The conductor 1410 having a predetermined pattern may be mounted to the second boundary surface 102. The predetermined pattern of the conductor 1410 may be modified in various ways according to selection of the designer.

For example, as shown in FIG. 4, the conductor 1410 may be gradually increased or reduced in width from one end 1021 to the other end 1022. In other words, the width W1 of the conductor 1410 at the first position P12 adjacent to one end 1021 may be relatively larger than the width W2 or W3 of the second position P11 or the third position P10 adjacent to the other end 1022. In addition, the width W3 of the third position P10 adjacent to the other end 1022 may be relatively larger than the width W2 or W3 of the first position P12 or the second position P11 adjacent to the one end 1021. Therefore, the conductor 1410 may have different widths W1 to W3 at the respective positions of the second boundary surface 102, such that different inductances generated from the respective positions may be generated.

The conductor 1410 may have the same reduction rate in width within all regions as necessary. In this case, the conductor 1410 may be implemented as an isosceles triangular shape as shown in FIG. 4, or may be implemented as a right triangular shape as necessary. In addition, the conductor 1410 may be formed in various shapes according to selection of the designer as necessary.

The conductor 1410 may have different width reduction rates at the respective points. For example, the width of the conductor 1410 may be relatively and rapidly reduced in the range from one end 1021 to a certain position, and may be relatively and slowly reduced from the certain position.
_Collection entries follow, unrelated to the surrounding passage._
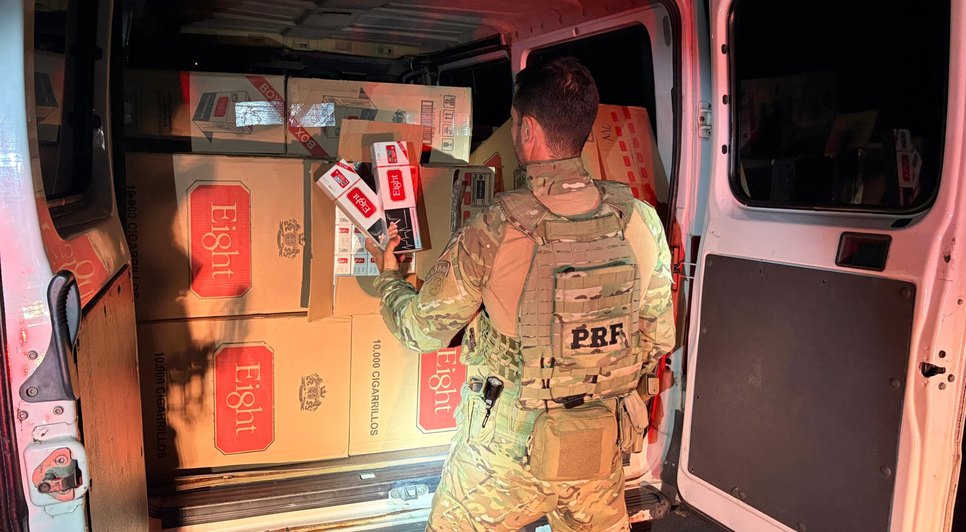 A apreensão ocorreu por volta das 21h, após uma equipe da PRF dar ordem de parada a um veículo. Durante a vistoria, os policiais encontraram 50 caixas de cigarros, totalizando meio milhão de unidades do produto ilegal.
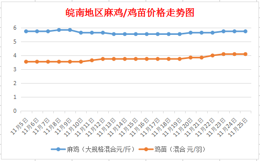 皖南地区麻鸡/鸡苗价格走势图(图表来源:鸡病专业网)
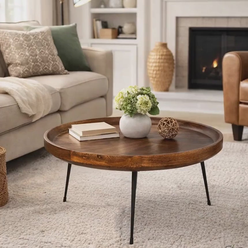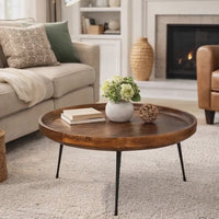 Bring warmth and character to your space with this beautifully handcrafted round tray coffee table made from premium mango wood and supported by strong iron legs. The natural wood grain and rich brown finish make each piece truly one of a kind, while the raised tray edge adds both style and functionality by helping prevent items from slipping.
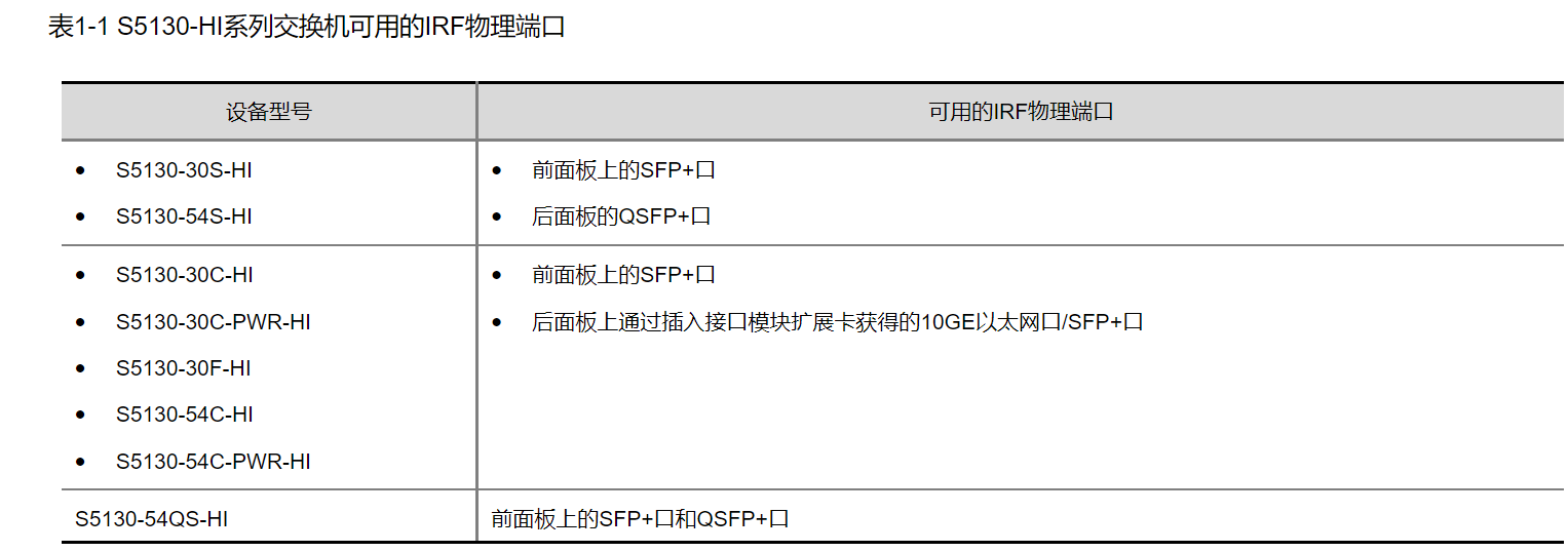 在S5130-HI系列交换机上可用的IRF物理端口如表1-1所示。并请注意“1.3 2. IRF物理端口配置注意事项”。

Referring to FIG. 5, if the sensor 220 mounted to the first boundary surface 210 of the second display apparatus 200 is an inductance sensor 1221, and if the inductance sensor 1221 approaches one point of the conductor 1410 as the second display apparatus 200 approaches the display apparatus 100, the inductance sensor 1221 may acquire different measurement results according to the width of the approached point, and may output different electrical signals (e.g., electrical signals having different voltages) according to different measurement results. As described above, the conductor 1410 may be formed to have different widths W1 to W3 according to the respective positions P10 to P12, such that the inductance sensor 1221 may output the electrical signals having different voltages V10, V11, and V12 according to the respective positions P10, P11, and P12 as shown in FIG. 6. Therefore, a certain position contacting the inductance sensor 1221 or one position P10, P11 or P12 of the approached conductor 1410 may be determined using the voltage V10, V11 or V12 of the electrical signal. That is, it can be determined whether a portion in contact with or in close proximity to the inductance sensor 1221 is adjacent to one end 1021 or the other end 1022, or whether the portion is located in the vicinity of the center region between the one end 1021 and the other end 1022. As described above, the position of one portion (e.g., a portion in contact with or in close proximity to the inductance sensor 1221 located in the vicinity of one end) of the first boundary surface 210 of the second display apparatus 200 can be determined, such that a relative position between the display apparatus 100 and the second display apparatus 200 can be determined.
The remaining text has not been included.